Research Assistant in the Hambardzumyan Lab at Mount Sinai Hospital- Department of Oncology
Molecular research on the tumor microenvironment of brain tumors. My specific project focuses on Diffuse Intrinsic Pontine Glioma (DIPG). My goal is to evaluate the role microglia play in tumor initiation and progression, and the implication of these findings on potential therapeutic targets. I am using mouse models and cell cultures to test novel therapies and optimize current treatments such as radiation therapy. Former projects include investigating the efficacy of drug/drug vehicles such as nanoparticles crossing the blood-brain barrier and targeting the tumor with specificity seen here.
DIPG/DMG Learning Hub Development
Working with leaders from across disciplines in the DIPG/DMG community including clinicians, researchers, data scientists, and advocates. The overarching goal of the project is to optimize the use of patient data to streamline matching to clinical trials and facilitate the creation of n of 1 arms for clinical trials. This platform will provide physicians with in-depth, close-to-real-time information about their patients, researchers will have a platform to share successes and obstacles in their work, and patients will have access to tailored education regarding the latest treatments and information about DIPG/DMG.

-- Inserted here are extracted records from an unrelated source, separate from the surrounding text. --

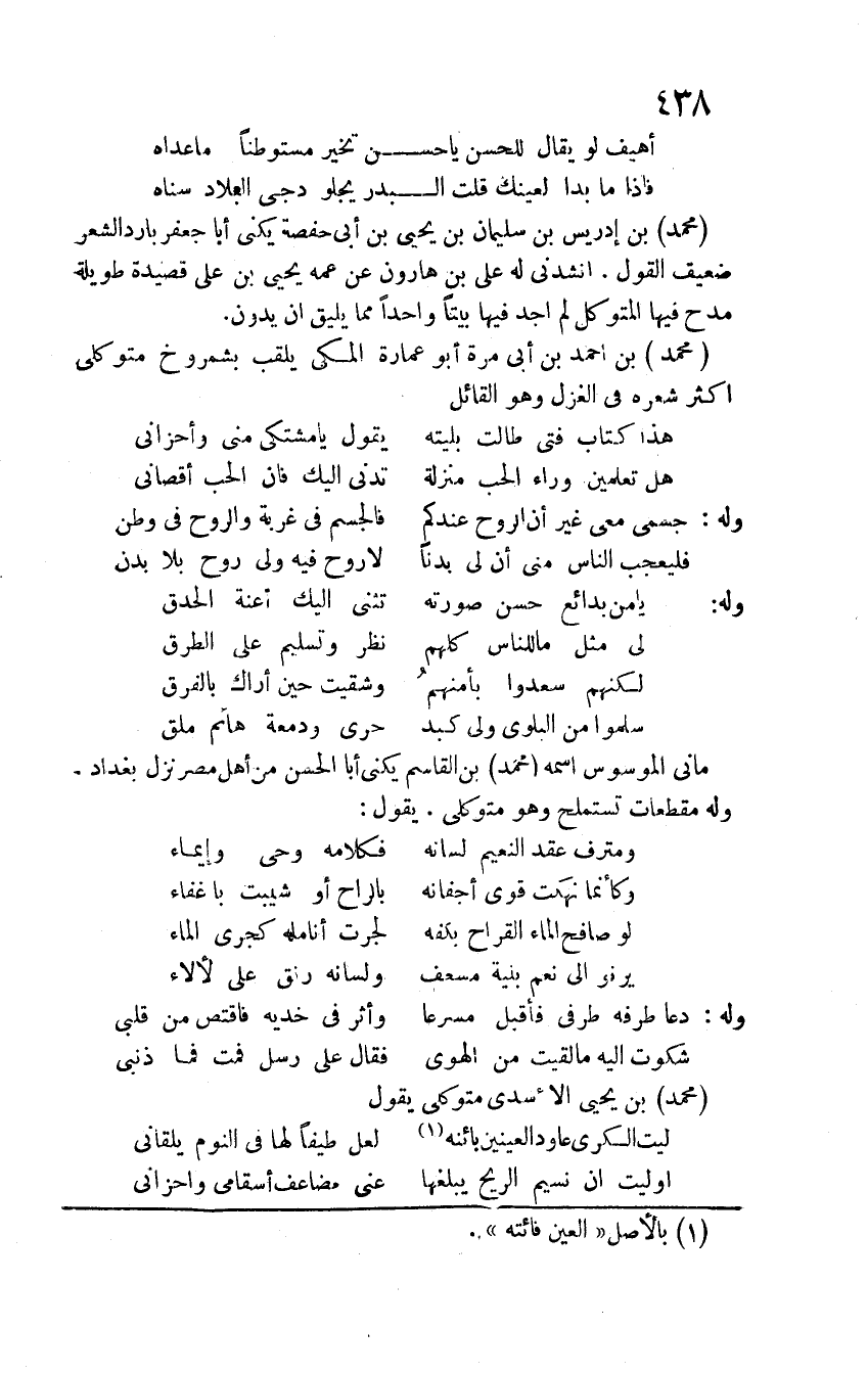 محمد بن يحيى الأسدي متوكلي يقول:
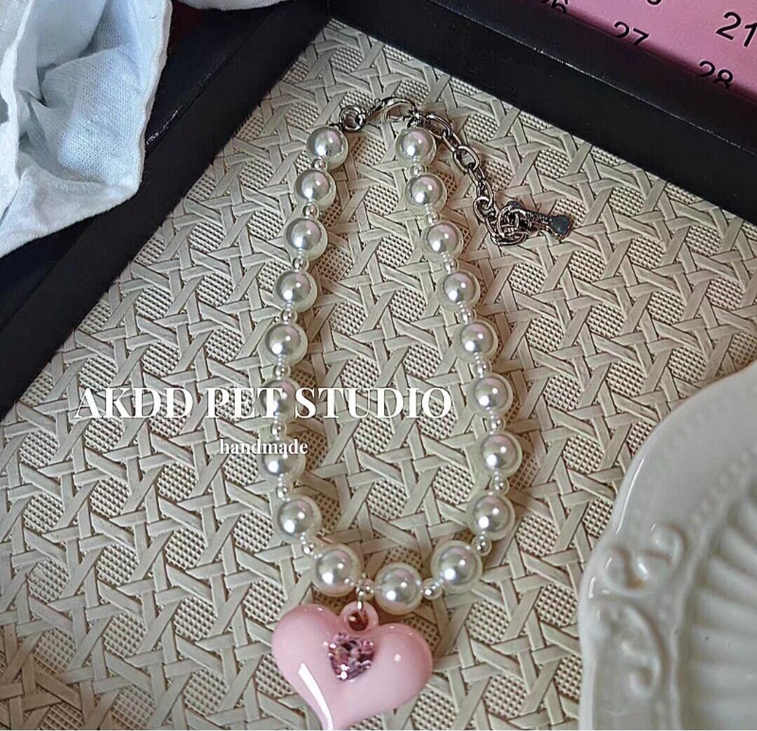 【予約商品】ビジュー付きハート飾りのパールネックレス(3カラー)
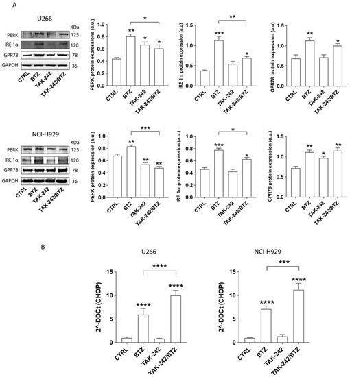 Given our findings, we then examined the impact of TAK-242/BTZ on HO-1 expression. As previously demonstrated by our group [18], BTZ treatment increased HO-1 expression in comparison with untreated cells (p < 0.001 in U266 cells and p < 0.01 in NCI-H929; Figure 3C). Notably, the pre-treatment with TAK-242 significantly decreased BTZ-induced HO-1 upregulation (p < 0.0001 and p < 0.01 compared to BTZ treated cells, respectively, in U266 and NCI-H929). Interestingly, TAK-242/BTZ treatment also decreased the overexpression of ER stress markers PERK (p < 0.05 and p < 0.001, respectively, in U266 and NCI-H929) and IRE1α (p < 0.05 in both cell lines) compared to cells treated with BTZ alone (Figure 4A). GRP78/BIP expression did not change between MM cells treated with BTZ or its combination with TAK-242. To better demonstrate that inhibition of BTZ-induced upregulation of ER transmembrane signaling markers (PERK and IRE1α) is linked to an increased apoptotic effect of BTZ by impairing the UPR survival pathway, we next evaluated the expression of CHOP, one of the UPR downstream effectors that promotes apoptosis. In both MM cell lines, TAK-242/BTZ cotreatment induced higher mRNA expression of CHOP (p < 0.001 compared to BTZ alone; Figure 4B).
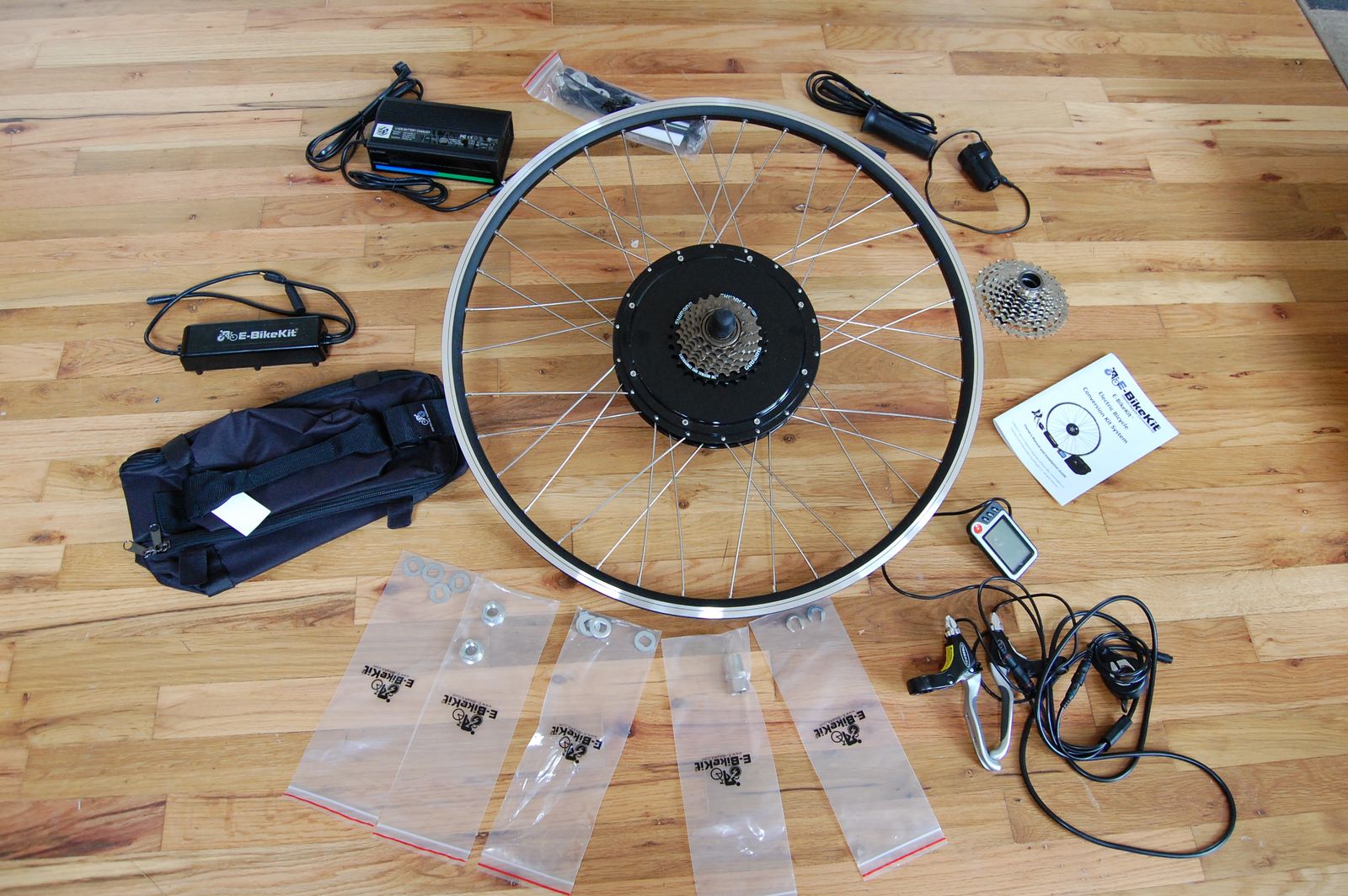 For example, if you search Ebay for “electric bike kit“, you’ll find basic straight-from-China front wheel kits for about $260, then you’d add a 48V Lithium Ion battery for about $400 – $600 with shipping, depending on capacity. The downside is the risk of part failure (and I wouldn’t expect the greatest support if anything breaks), and the need to splice and solder a few wires here and there to get everything to work together.
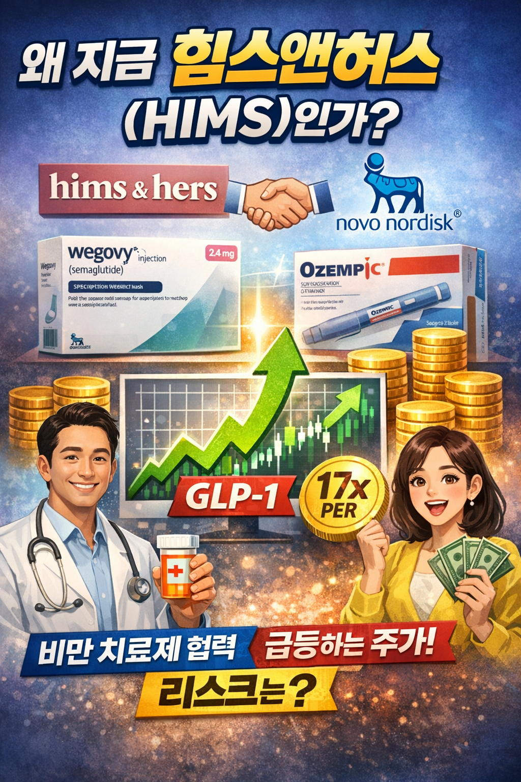 2025년, 미국 헬스케어 섹터에서 가장 뜨거운 이름 하나를 꼽으라면 단연 힘스앤허스(HIMS)입니다. 하루 사이 주가가 +10.27% 급등하며 시장의 시선을 한 몸에 받았는데요, 그 중심에는 바로 글로벌 비만 치료제 강자 노보노디스크(Novo Nordisk)와의 전격 유통 협약이 있습니다. 노보노디스크가 자사의 블록버스터 비만 치료제인 위고비(Wegovy)와 오젬픽(Ozempic)을 힘스앤허스 플랫폼을 통해 직접 판매하기로 한 것입니다. 🎉
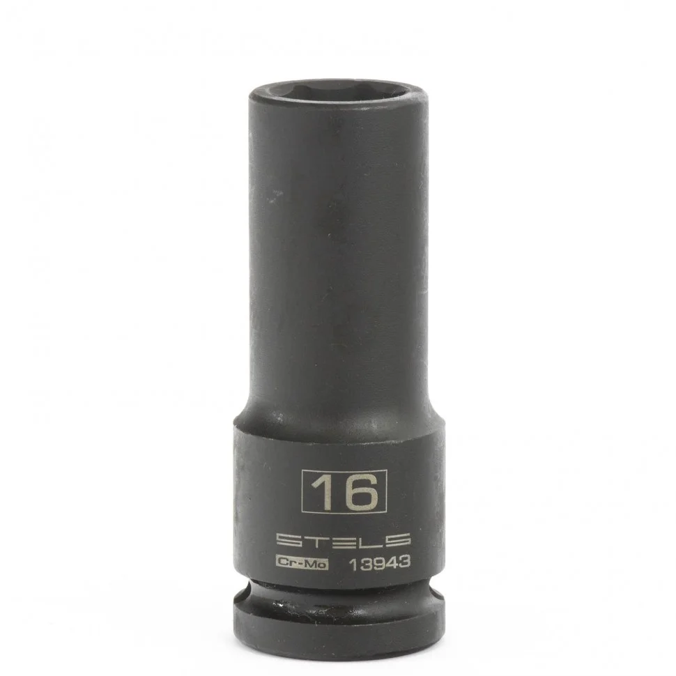 Головка ударная удлиненная шестигранная, 16 мм, 1/2, CrMo Stels 13943
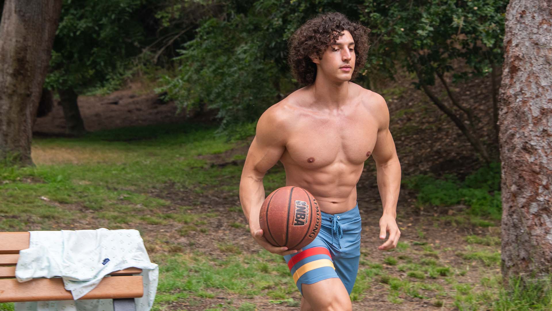 Charlie Santana, in Hurley shorts, is set against a backdrop of towering trees in a park, readying for basketball.
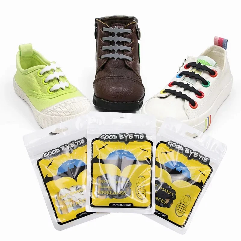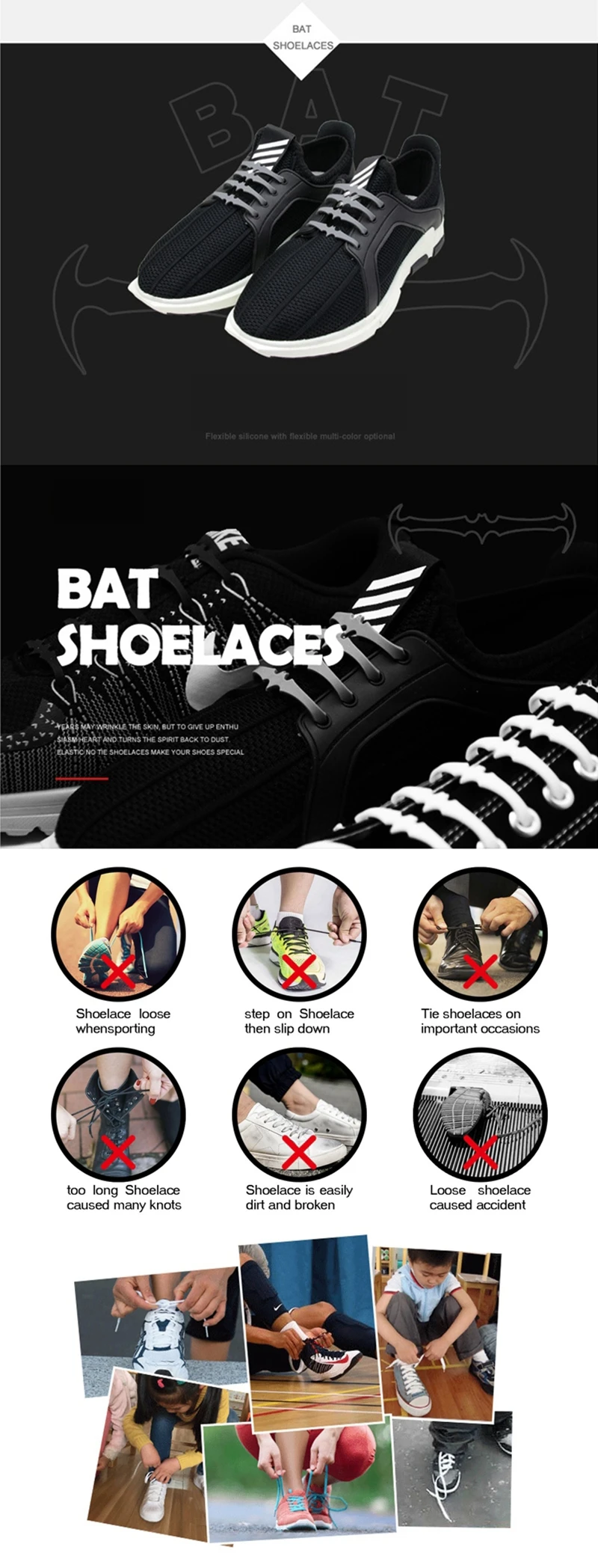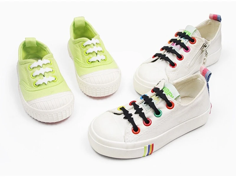 12 шт., силиконовые шнурки, эластичные, без галстука, шнурки для обуви, модные, в форме летучей мыши, резиновые шнурки для детей, для взрослых, унисекс, быстро ленивые шнурки
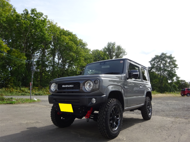 スズキ ジムニーシエラ JB74W K15B 新車お披露目で来店しました (^。^) H6年6月登録車 走行距離 2,750㎞ 暫くは当社での作業はないのかな? EKワゴンから乗換なので かなり大き
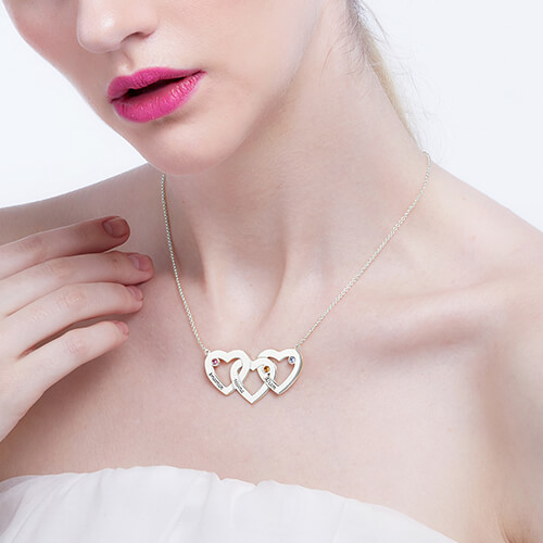 We have found the perfect gift for moms everywhere, the Intertwined Hearts Necklace with Birthstones!Now you can engrave up to three hearts, as well as choose a birthstone for each heart. Moms can keep their kids close no matter how far they are. Even if you are not a mom, you will still love this necklace! Inscribe the things that make you think about love!
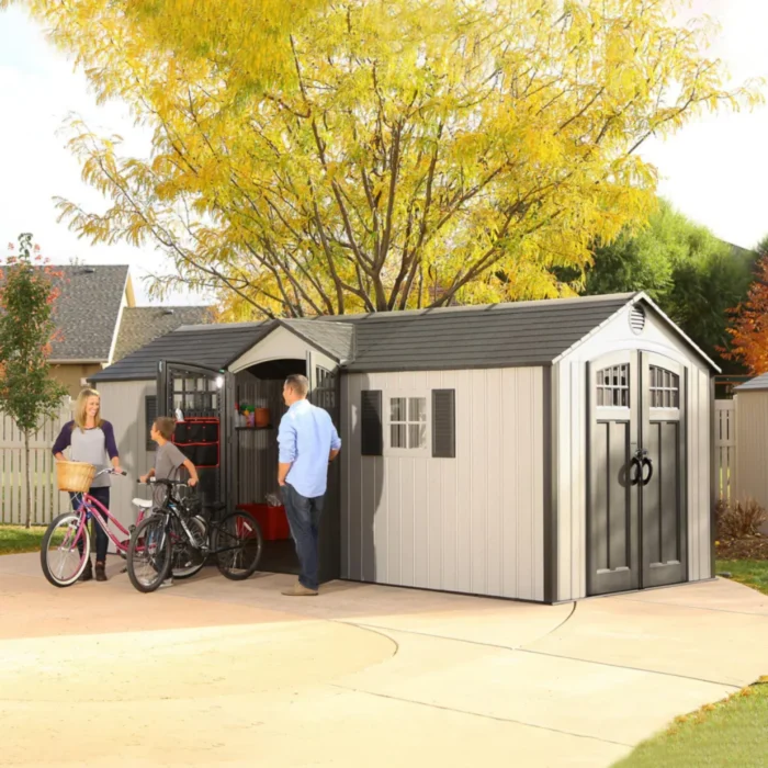 With its generous size, this shed is ideal for storing larger items such as bicycles, sports gear, and lawn equipment. For a neat, organized, and visually pleasing outdoor space, consider the Lifetime 20 x 8-Foot Storage Shed. Be sure to check local building codes to determine if a permit is required.
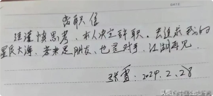 三项答案均为否,张雪当天便提交辞呈。

Research on the Patient-Family Experience During Discussion and Decision Making Related to Post-Mortem Brain Tumor Tissue Donation
Research into factors impacting patient families and how they make decisions regarding post-mortem donation. Information about discussions with the care team, such as the timing of the discussion, the language used, and the party initiating the discussion will be assessed. Demographic information such as race, educational background, and travel time/access to medical care will also be analyzed. The goal of the project is to find the most effective and caring protocols for post-mortem tissue donation discussion in order to empower care teams to discuss the options with their patients.
Role of Patient Health Literacy on Clinical Trial Participation in Pediatric Oncology
Building on my previous work here, it is known that patient families diagnosed with rare cancers are spending 30-40 hours on average researching treatment options outside of clinic visits. Decisions are made regarding care and participation much sooner than most families can truly understand all of the relevant information to give truly informed consent. From here, I aim to understand how to improve communication about outcomes and the purpose of clinical trials, as well as continue developing patient-centered education resources, such as Brain Tumor 101, to explain the fundamentals of tumor biology, treatment strategies, and the clinical trial process.